Supplied information: Begin

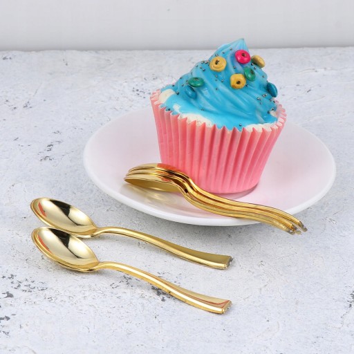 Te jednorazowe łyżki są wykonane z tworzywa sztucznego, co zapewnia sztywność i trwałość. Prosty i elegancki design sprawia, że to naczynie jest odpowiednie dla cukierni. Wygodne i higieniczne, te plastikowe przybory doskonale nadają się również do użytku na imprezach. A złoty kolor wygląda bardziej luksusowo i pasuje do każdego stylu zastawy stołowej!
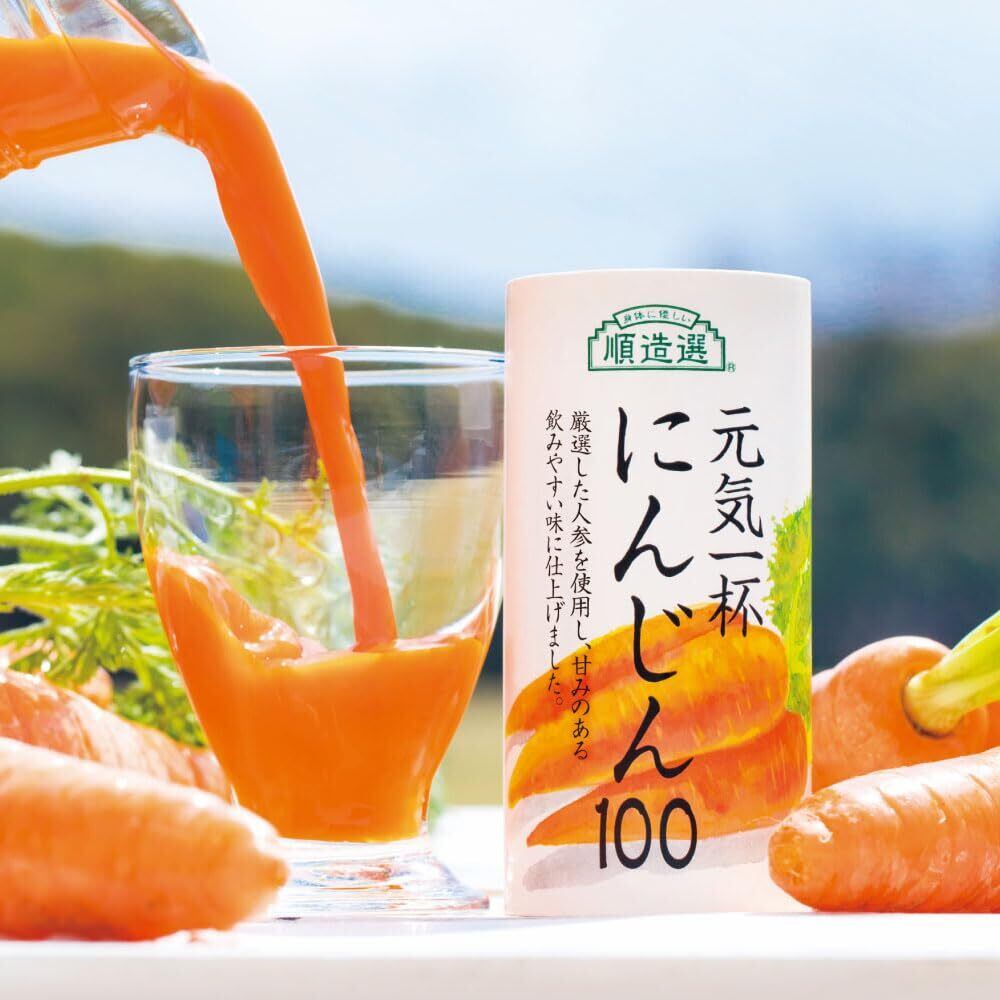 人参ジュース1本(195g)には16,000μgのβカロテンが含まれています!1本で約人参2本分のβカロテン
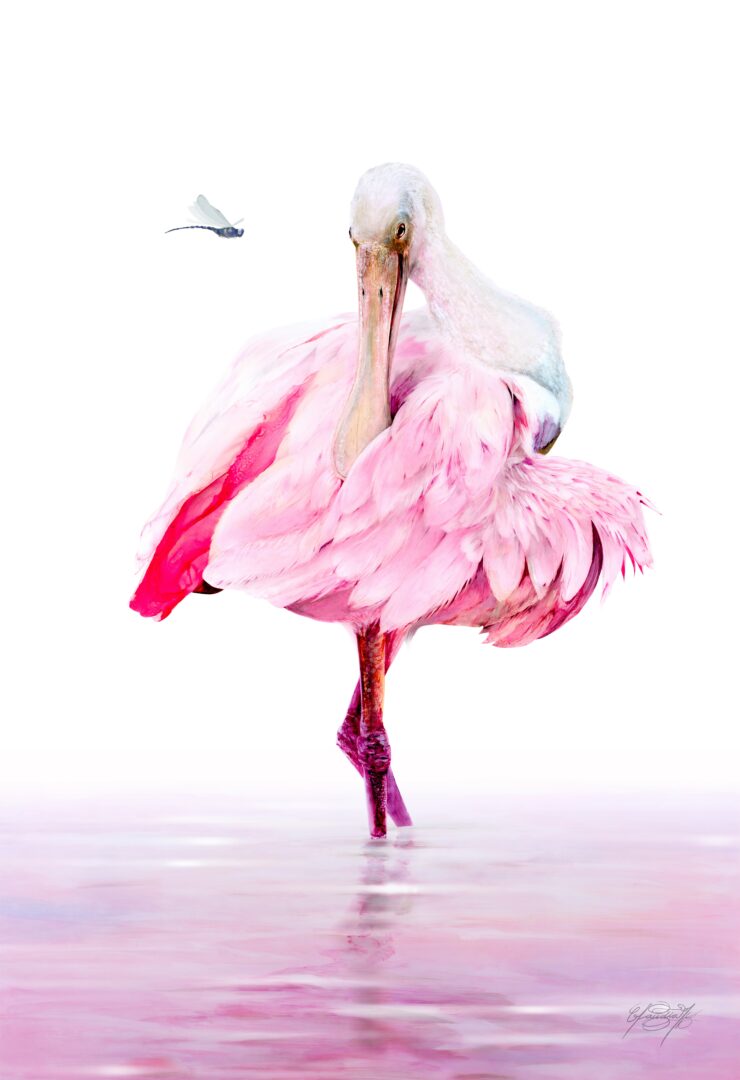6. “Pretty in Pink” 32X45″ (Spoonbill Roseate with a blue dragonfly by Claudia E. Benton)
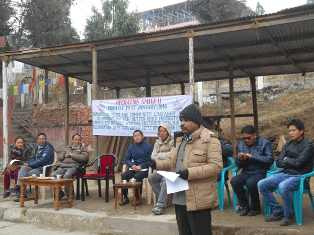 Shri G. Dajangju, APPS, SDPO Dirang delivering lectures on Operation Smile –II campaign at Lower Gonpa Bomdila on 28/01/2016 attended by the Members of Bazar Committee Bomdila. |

Supplied information: End

Task: Without the pictures, repeat the listing word for word.

Response box:
 Te jednorazowe łyżki są wykonane z tworzywa sztucznego, co zapewnia sztywność i trwałość. Prosty i elegancki design sprawia, że to naczynie jest odpowiednie dla cukierni. Wygodne i higieniczne, te plastikowe przybory doskonale nadają się również do użytku na imprezach. A złoty kolor wygląda bardziej luksusowo i pasuje do każdego stylu zastawy stołowej!
 人参ジュース1本(195g)には16,000μgのβカロテンが含まれています!1本で約人参2本分のβカロテン
6. “Pretty in Pink” 32X45″ (Spoonbill Roseate with a blue dragonfly by Claudia E. Benton)
 Shri G. Dajangju, APPS, SDPO Dirang delivering lectures on Operation Smile –II campaign at Lower Gonpa Bomdila on 28/01/2016 attended by the Members of Bazar Committee Bomdila. |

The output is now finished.